Hapless Harvardite: Of Haves and Have-Nots in Recruiting Week
At the inception of this column, I pitched it to our fearless EICs as a series in which I would humorously document ventures about which I was entirely ignorant, and at which I was sure to fail.
Freedom Trail, I thought, ruing the many hours I spent in History 112 receiving a whispered tutorial on the nuances of collegiate lacrosse from my seatmate (the things we do for love!) in lieu of paying attention.
CS 50, maybe, remembering the comical number of hours required in my undergrad computing class to generate even the simplest “I Am Katie Peek” in Comic Sans 50 (thanks, Randian phase!)
That Bart and Kate fell instantly upon Recruiting Week as an ideal first dispatch would prove, alas, prophetic.
As October winds to a close, it’s hard not to see campus as increasingly segregated between the Haves and Have-nots.
Thanks to Instagram, the Haves have become highly trackable even as they return to native environs and indigenous habits: emerging from European pleasure dens to wring maximum delight from every sweaty signing-bonus dollar, deploying McKinsey offer letters poolside to provide some meager defense against the harsh equatorial sun. (Bart and Kate, too bitter? Too bad!)

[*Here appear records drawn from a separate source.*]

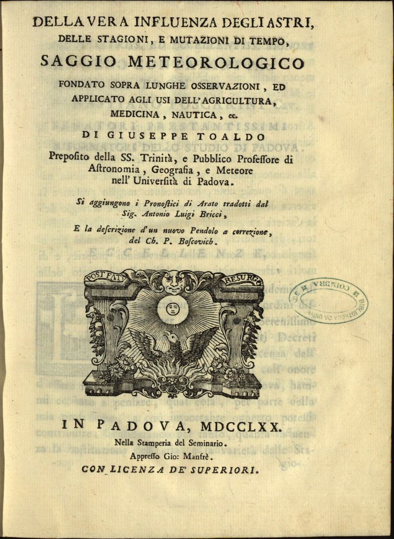 Della vera influenza degli astri, delle stagioni, e mutazioni di tempo, saggio meteorologico fondato sopra lunghe osservazioni, ed applicato agli usi dell' agricultura, medicina, nautica, ec. Di Giuseppe Toaldo ... si aggiungono i Pronostici di Arato tradotti dal Sig. Antonio Luigi Bricci, e la descrizione d'un nuovo Pendolo a correzione, del Ch. P. Boscovich
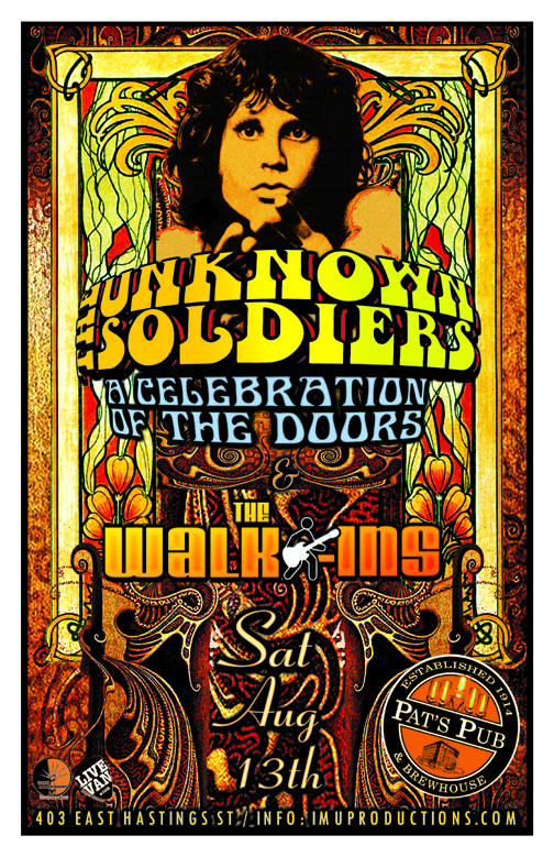 . Saturday, August 13th IMU presents The UNKNOWN SOLDIERS A Celebration Of The Doors w/ The WALK-INS @ Pat's Pub 403 East Hastings Street. Doors 8:30pm / Show 9pm sharp! $10 cover
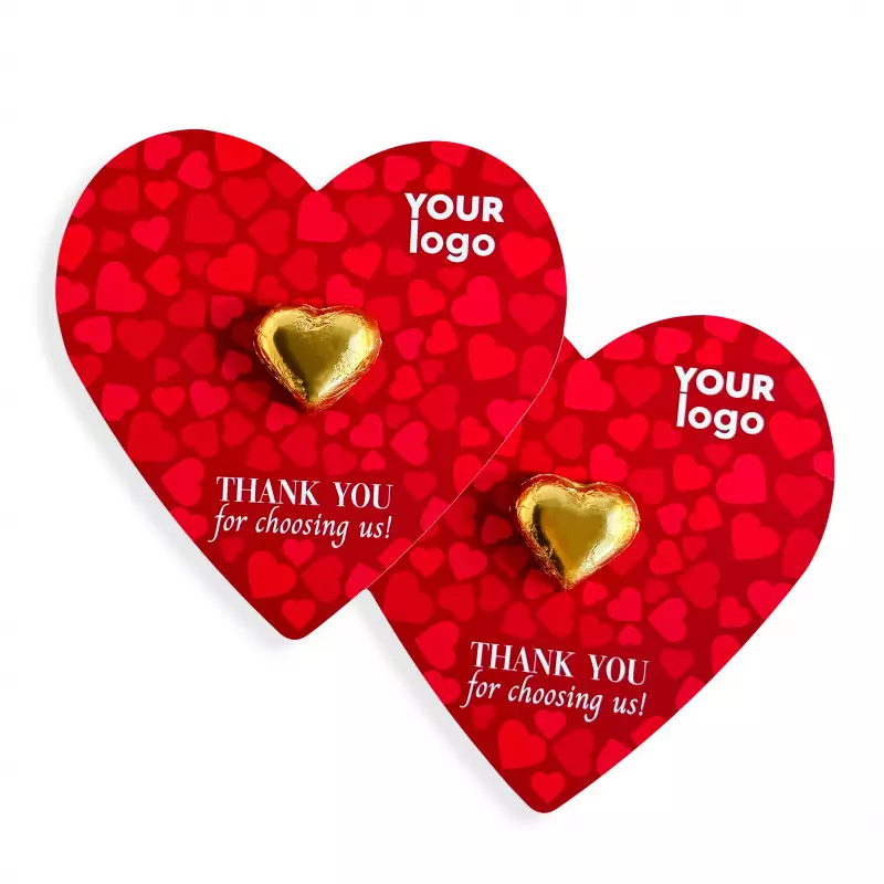 Herkullinen sydämenmuotoinen suklaapala kiinnitettynä sydämenmuotoiseen korttiin. Tuote sopii hyvin jaettavaksi messuilla tai esimekiksi kiitoskortiksi tilauksen yhteyteen.

The Have-nots, on the other hand, seem to be channeling the cast of Newsies, pre-empowering strike. Down-at-heel, down on our luck, facing both an uncertain future and the eternal Catch-22 of the “informational interview”: to demonstrate interest and deliver us from silence I’ll ask you, Employed Person, endless questions about your industry, the answers to which I unilaterally already know, thereby erasing forever any interest you might have had in hiring someone as comically ignorant as me. Recruiting Week, let’s do this thing!
In perfect candor (as I typed most of this from 79th and Park in pre-Sandy NYC) Recruiting Week was hardly as Dickensian as all that.
People are, somewhat to my surprise, enduringly impressed by my Harvard MBA (Section I, too self-deprecating?) and buddies from college have been generally pretty forthcoming with both contacts and coffee chats.
And as grim as it was to be told by a formerly high-flying publishing guru that my “skirt was a little short for an interview” (in my defense, I thought I was on a social coffee chat! But oh, gentle reader, deeply grim,) I guess I can’t say I haven’t learned anything?
In retrospect, the interviews themselves aren’t the problem, but more the existential panic of riding shotgun.
Like many of us here, I’m the product of a fairly active achievement drive; show me a brass ring, I blindly (and, sometimes, unhappily) reach. And thanks to an equally achievement-oriented culture, it’s always been pretty obvious what the next Impressive Thing to do would be, Ivy League to Fellowship to Harvard.
As a result, though, I’ve never had to take too much responsibility for my own happiness. Even at my bleakest professional or personal moments, I could wrap around me the fact that, however loathsome the day-to-day, I was building something all the time, character or resume or skill set or network. I could always trundle on because the next achievement was usually in my sights, and any present horror was just the requisite (and temporary) prelude.
With the HBS box now nearly ticked (presumably, I should add! Dee, you know my email if anything to discuss?) however, the only next achievement is Happy Life, a goal so vast and vague and ever-shifting it begins to resemble a mushroom cloud, with equal power to stun.
It’s the most important thing, and the most impossible to get one’s arms around, and I think about it at night and in the morning and all day sometimes.
We’ve all faced the prospect of failure before: a nod, or not, from Dee or Derrick, yes or no from Goldman or McKinsey. But with the world spread before us, with choices as wide and endless as the HBS goal was narrow and specific, the prospect of failure before us today is failure of a different magnitude: of imagination, character, courage. Of boldness, and of nerve.
I came to school thinking these two years would afford me a chance to reflect on what I was really meant to do with my life, and I’ve had that here. I know now there’s a single path that, left unexplored, will stick always in my rearview mirror, no matter how far down other roads I go.
But that knowledge hasn’t come easily, or alone. Epiphanies, it turns out, travel in packs, and so with this new sense of purpose has come a host of other revelations; the cut in prestige it could mean, at least at first. The significant change in lifestyle. How I fear to slip from the ranks of Serious People. But I might get what you can’t put on a resume: happy life.
What it comes down to is this: five years from now, I’ll have no one to blame but myself for regrets. And if nothing else, HBS has taught me that thinking for oneself is a lot like exercise: easiest when done often. After so many years of meeting the world’s metrics as much as my own, it’s taken some warming-up for the muscle memory to kick in. But it’s coming back.